→ **Supplied entries**
━━━━━━
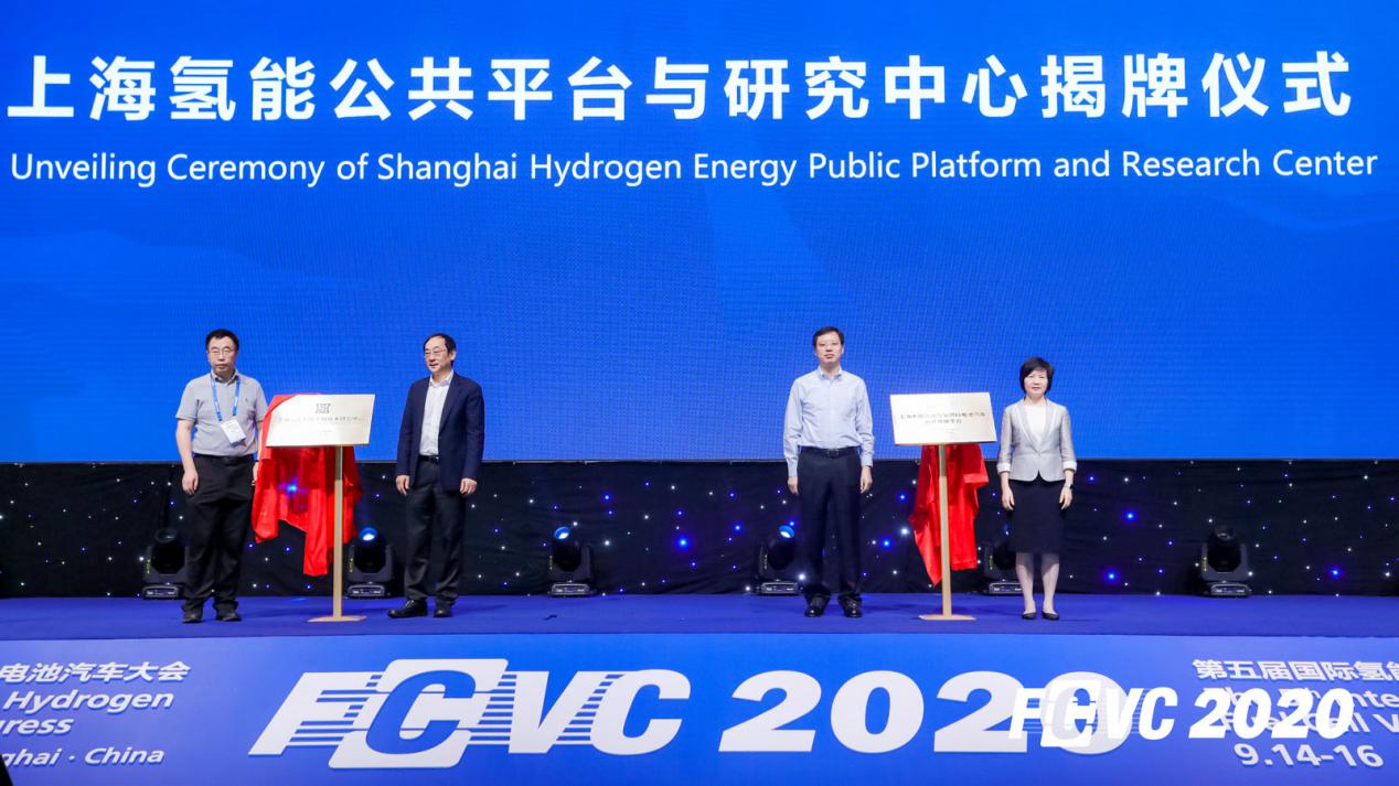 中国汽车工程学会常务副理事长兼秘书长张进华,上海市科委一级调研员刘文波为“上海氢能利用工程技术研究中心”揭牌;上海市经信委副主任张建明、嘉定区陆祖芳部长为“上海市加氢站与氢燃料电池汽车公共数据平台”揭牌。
━━━━━━
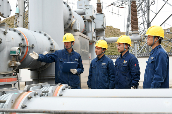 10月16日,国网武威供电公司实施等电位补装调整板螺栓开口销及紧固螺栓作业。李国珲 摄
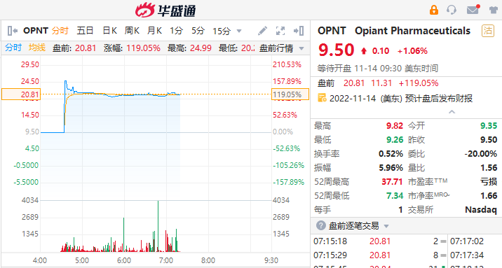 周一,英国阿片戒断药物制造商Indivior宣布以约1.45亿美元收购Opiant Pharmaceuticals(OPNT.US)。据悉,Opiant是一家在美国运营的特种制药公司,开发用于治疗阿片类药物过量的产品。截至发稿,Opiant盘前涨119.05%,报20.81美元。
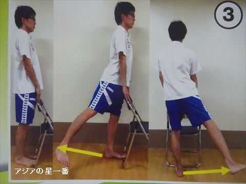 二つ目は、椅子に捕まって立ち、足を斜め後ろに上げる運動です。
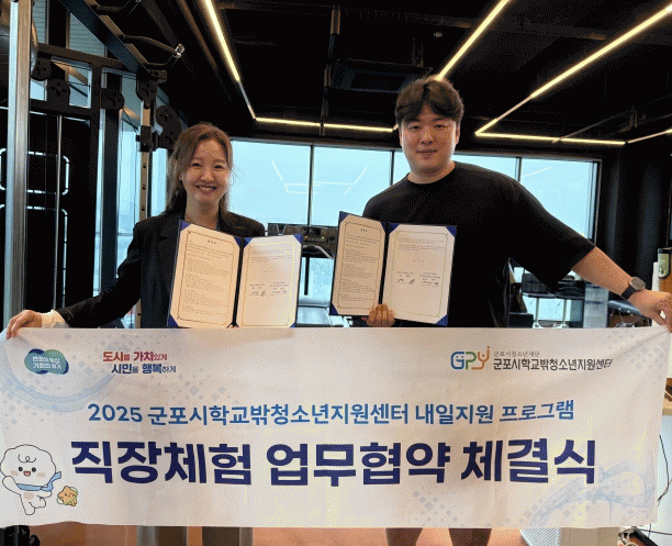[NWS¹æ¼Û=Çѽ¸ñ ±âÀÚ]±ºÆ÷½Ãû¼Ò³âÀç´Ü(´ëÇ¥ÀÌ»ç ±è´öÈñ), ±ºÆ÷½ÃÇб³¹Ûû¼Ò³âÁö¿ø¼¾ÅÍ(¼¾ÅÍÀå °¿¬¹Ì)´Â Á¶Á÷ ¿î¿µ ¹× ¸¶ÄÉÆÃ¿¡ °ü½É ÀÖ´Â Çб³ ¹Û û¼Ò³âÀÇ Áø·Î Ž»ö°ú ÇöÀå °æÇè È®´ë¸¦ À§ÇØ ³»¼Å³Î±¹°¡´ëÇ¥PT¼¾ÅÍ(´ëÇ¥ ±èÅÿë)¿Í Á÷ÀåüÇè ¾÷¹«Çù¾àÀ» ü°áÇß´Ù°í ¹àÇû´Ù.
━━━━━━
→ **Prompt**
In the records above, find the line with "周一,英国阿片戒断药物制造商" and the line with "Á¶Á÷ ¿î¿µ ¹×". Write out exactly those lines and every one between, with no pictures and no other lines.

→ **Exercise solution**
 周一,英国阿片戒断药物制造商Indivior宣布以约1.45亿美元收购Opiant Pharmaceuticals(OPNT.US)。据悉,Opiant是一家在美国运营的特种制药公司,开发用于治疗阿片类药物过量的产品。截至发稿,Opiant盘前涨119.05%,报20.81美元。
 二つ目は、椅子に捕まって立ち、足を斜め後ろに上げる運動です。
[NWS¹æ¼Û=Çѽ¸ñ ±âÀÚ]±ºÆ÷½Ãû¼Ò³âÀç´Ü(´ëÇ¥ÀÌ»ç ±è´öÈñ), ±ºÆ÷½ÃÇб³¹Ûû¼Ò³âÁö¿ø¼¾ÅÍ(¼¾ÅÍÀå °¿¬¹Ì)´Â Á¶Á÷ ¿î¿µ ¹× ¸¶ÄÉÆÃ¿¡ °ü½É ÀÖ´Â Çб³ ¹Û û¼Ò³âÀÇ Áø·Î Ž»ö°ú ÇöÀå °æÇè È®´ë¸¦ À§ÇØ ³»¼Å³Î±¹°¡´ëÇ¥PT¼¾ÅÍ(´ëÇ¥ ±èÅÿë)¿Í Á÷ÀåüÇè ¾÷¹«Çù¾àÀ» ü°áÇß´Ù°í ¹àÇû´Ù.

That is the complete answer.